Restate the material verbatim, every line included.
[Opening RECORDS SHOWN section]
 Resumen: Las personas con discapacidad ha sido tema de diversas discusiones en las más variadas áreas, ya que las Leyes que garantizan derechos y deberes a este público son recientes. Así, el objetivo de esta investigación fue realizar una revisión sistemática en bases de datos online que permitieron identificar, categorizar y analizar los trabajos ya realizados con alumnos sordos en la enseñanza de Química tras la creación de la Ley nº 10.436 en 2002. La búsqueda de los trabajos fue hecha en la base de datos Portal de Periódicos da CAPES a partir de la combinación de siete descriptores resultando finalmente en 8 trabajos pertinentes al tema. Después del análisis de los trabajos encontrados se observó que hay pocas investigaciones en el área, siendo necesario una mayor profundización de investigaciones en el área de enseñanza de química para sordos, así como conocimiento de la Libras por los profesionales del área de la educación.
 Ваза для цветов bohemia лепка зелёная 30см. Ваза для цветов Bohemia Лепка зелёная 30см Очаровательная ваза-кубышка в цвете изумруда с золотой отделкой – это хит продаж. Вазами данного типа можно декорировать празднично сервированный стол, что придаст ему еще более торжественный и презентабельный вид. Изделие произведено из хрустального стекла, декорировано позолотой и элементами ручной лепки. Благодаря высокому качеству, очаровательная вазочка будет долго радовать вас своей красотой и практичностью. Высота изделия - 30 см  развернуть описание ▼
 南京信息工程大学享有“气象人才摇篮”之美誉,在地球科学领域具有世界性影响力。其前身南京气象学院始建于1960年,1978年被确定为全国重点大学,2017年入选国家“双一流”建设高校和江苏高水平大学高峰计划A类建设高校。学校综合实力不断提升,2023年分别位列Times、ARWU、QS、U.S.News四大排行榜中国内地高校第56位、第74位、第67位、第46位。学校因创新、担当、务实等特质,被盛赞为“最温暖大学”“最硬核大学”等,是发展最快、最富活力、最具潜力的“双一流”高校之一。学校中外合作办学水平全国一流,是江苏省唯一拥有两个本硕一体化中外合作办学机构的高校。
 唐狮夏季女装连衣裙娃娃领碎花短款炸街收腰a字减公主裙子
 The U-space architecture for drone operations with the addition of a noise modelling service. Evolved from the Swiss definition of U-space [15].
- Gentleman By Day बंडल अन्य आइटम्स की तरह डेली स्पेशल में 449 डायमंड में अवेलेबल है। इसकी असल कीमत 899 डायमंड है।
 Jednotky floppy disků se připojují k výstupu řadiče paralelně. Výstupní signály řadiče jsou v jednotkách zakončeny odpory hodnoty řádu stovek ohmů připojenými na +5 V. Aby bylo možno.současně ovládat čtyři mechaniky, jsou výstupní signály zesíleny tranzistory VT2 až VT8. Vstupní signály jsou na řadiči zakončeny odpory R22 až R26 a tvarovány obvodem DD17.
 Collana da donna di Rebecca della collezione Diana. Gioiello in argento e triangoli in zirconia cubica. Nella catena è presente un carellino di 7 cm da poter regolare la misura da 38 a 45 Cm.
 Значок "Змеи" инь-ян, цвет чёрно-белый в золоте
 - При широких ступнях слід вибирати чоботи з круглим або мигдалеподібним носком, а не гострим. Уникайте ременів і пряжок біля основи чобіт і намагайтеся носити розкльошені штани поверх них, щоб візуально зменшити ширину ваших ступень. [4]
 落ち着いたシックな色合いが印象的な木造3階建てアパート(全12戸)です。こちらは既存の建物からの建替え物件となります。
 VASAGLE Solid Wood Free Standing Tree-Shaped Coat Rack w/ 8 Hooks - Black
[Closing RECORDS SHOWN section]
YOUR RESPONSE:
 Resumen: Las personas con discapacidad ha sido tema de diversas discusiones en las más variadas áreas, ya que las Leyes que garantizan derechos y deberes a este público son recientes. Así, el objetivo de esta investigación fue realizar una revisión sistemática en bases de datos online que permitieron identificar, categorizar y analizar los trabajos ya realizados con alumnos sordos en la enseñanza de Química tras la creación de la Ley nº 10.436 en 2002. La búsqueda de los trabajos fue hecha en la base de datos Portal de Periódicos da CAPES a partir de la combinación de siete descriptores resultando finalmente en 8 trabajos pertinentes al tema. Después del análisis de los trabajos encontrados se observó que hay pocas investigaciones en el área, siendo necesario una mayor profundización de investigaciones en el área de enseñanza de química para sordos, así como conocimiento de la Libras por los profesionales del área de la educación.
 Ваза для цветов bohemia лепка зелёная 30см. Ваза для цветов Bohemia Лепка зелёная 30см Очаровательная ваза-кубышка в цвете изумруда с золотой отделкой – это хит продаж. Вазами данного типа можно декорировать празднично сервированный стол, что придаст ему еще более торжественный и презентабельный вид. Изделие произведено из хрустального стекла, декорировано позолотой и элементами ручной лепки. Благодаря высокому качеству, очаровательная вазочка будет долго радовать вас своей красотой и практичностью. Высота изделия - 30 см  развернуть описание ▼
 南京信息工程大学享有“气象人才摇篮”之美誉,在地球科学领域具有世界性影响力。其前身南京气象学院始建于1960年,1978年被确定为全国重点大学,2017年入选国家“双一流”建设高校和江苏高水平大学高峰计划A类建设高校。学校综合实力不断提升,2023年分别位列Times、ARWU、QS、U.S.News四大排行榜中国内地高校第56位、第74位、第67位、第46位。学校因创新、担当、务实等特质,被盛赞为“最温暖大学”“最硬核大学”等,是发展最快、最富活力、最具潜力的“双一流”高校之一。学校中外合作办学水平全国一流,是江苏省唯一拥有两个本硕一体化中外合作办学机构的高校。
 唐狮夏季女装连衣裙娃娃领碎花短款炸街收腰a字减公主裙子
 The U-space architecture for drone operations with the addition of a noise modelling service. Evolved from the Swiss definition of U-space [15].
- Gentleman By Day बंडल अन्य आइटम्स की तरह डेली स्पेशल में 449 डायमंड में अवेलेबल है। इसकी असल कीमत 899 डायमंड है।
 Jednotky floppy disků se připojují k výstupu řadiče paralelně. Výstupní signály řadiče jsou v jednotkách zakončeny odpory hodnoty řádu stovek ohmů připojenými na +5 V. Aby bylo možno.současně ovládat čtyři mechaniky, jsou výstupní signály zesíleny tranzistory VT2 až VT8. Vstupní signály jsou na řadiči zakončeny odpory R22 až R26 a tvarovány obvodem DD17.
 Collana da donna di Rebecca della collezione Diana. Gioiello in argento e triangoli in zirconia cubica. Nella catena è presente un carellino di 7 cm da poter regolare la misura da 38 a 45 Cm.
 Значок "Змеи" инь-ян, цвет чёрно-белый в золоте
 - При широких ступнях слід вибирати чоботи з круглим або мигдалеподібним носком, а не гострим. Уникайте ременів і пряжок біля основи чобіт і намагайтеся носити розкльошені штани поверх них, щоб візуально зменшити ширину ваших ступень. [4]
 落ち着いたシックな色合いが印象的な木造3階建てアパート(全12戸)です。こちらは既存の建物からの建替え物件となります。
 VASAGLE Solid Wood Free Standing Tree-Shaped Coat Rack w/ 8 Hooks - Black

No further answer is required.